I guess Elysium agrees with me that the federal court in this case has been fast asleep and will believe anything that it is fed. We'll see if that remains true.

Rather than review the brief in detail, I will summarize thus:

Elysium is conflating its Patent Misuse claim (which involves sums allegedly due for trademark licensing) with ChromaDex's potential future claim for patent infringement based on a completely different set of operative facts, which is Elysium's apparent subsequent patent infringement.

I think that even this federal court would not hold that a plaintiff's mooted patent misuse claim could be revived if the plaintiff credibly threatened to infringe? This strikes me as nonsense.

Wait, here's more BS verbal sophistry! Elysium says,

The reason courts require a covenant not to sue for infringement to moot a claim seeking a declaratory judgment of patent invalidity or unenforceability is obvious...

That's sophistry because the declaratory judgment in this case is not for patent invalidity or unenforceability, but for Patent Misuse. Patent Misuse does not render a patent invalid or unenforceable -- or at least, not after the alleged misuse has been purged.

That's ChromaDex's point -- the alleged misuse of the trademark agreement has been purged, so there is no longer any possibility that the patent can be found invalid or unenforceable due to patent misuse.

What is this I say, that purging the misuse allows enforcement of the patent? You don't need to be a legal expert to find it; it's the blackest of black letter law -- you can read it right on wikipedia:

Most types of misuse can be erased (or "purged") so the patent is valid again by abandoning the misusing practice and causing its effects to fully dissipate.

 

So Elysium's absurd argument comes to this: The only way ChromaDex can purge a patent misuse is by forfeiting the patent. The law certainly does not say anything like that.

 

Elysium next argues that under MedImmune, a licensee is entitled to seek a declaratory judgment to resolve whether or not they are infringing, rather than to risk treble damages.

That may be a correct reading of MedImmune, but it's irrelevant to the Patent Misuse claim here, which is resolved.
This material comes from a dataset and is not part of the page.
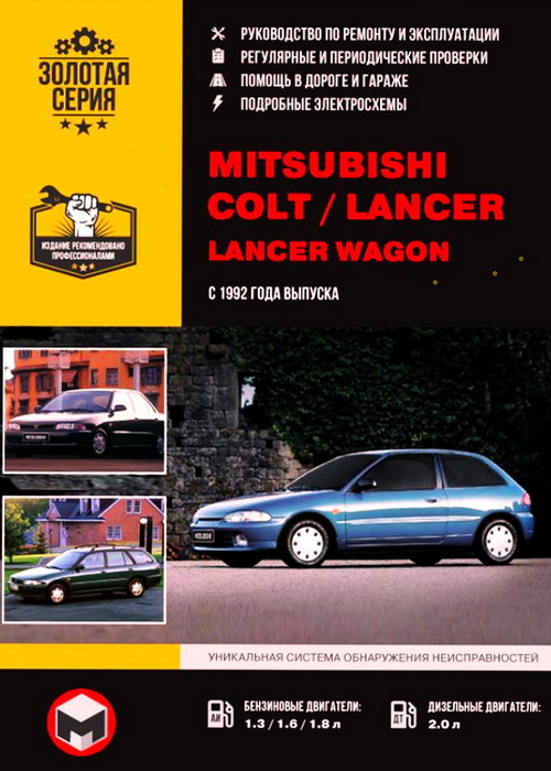 Справочное пособие по ремонту Мицубиси Лансер, Мицубиси Лансер Вагон, Мицубиси Кольт, устройство, эксплуатация и техническое обслуживание Mitsubishi Lancer / Mitsubishi Lancer Wagon / Mitsubishi Colt с 1992 года выпуска, оборудованных бензиновыми двигателями рабочим объемом 1,3, 1,6, 1,8 и дизелем литражом 2,0 л. Тип моторов 4G13 / 4G92 / 4G93 / 4D68. Ремонт узлов и агрегатов. Схемы электрических соединений. Эксплуатация и обслуживание Мицубиси Лансер.

If Elysium wants to determine whether it has a right to infringe ChromaDex's patent, that will require ANOTHER declaratory judgment action, one seeking to determine the validity of ChromaDex's patent -- not unlike what Elysium is actually brewing in its IPR proceeding before the PTAB.

The fact that Elysium might also be asserting a DIFFERENT Declaratory Judgment action relating to the general validity of ChromaDex's intellectual property does not entitle it to pursue THIS declaratory judgment action, which is about something else.

Even if Elysium is right that "Under the totality of the circumstances, there is a real and immediate controversy between the parties," that controversy is not about patent misuse; it is about Elysium's apparent desire to infringe even absent misuse.

That controversy is not before this court.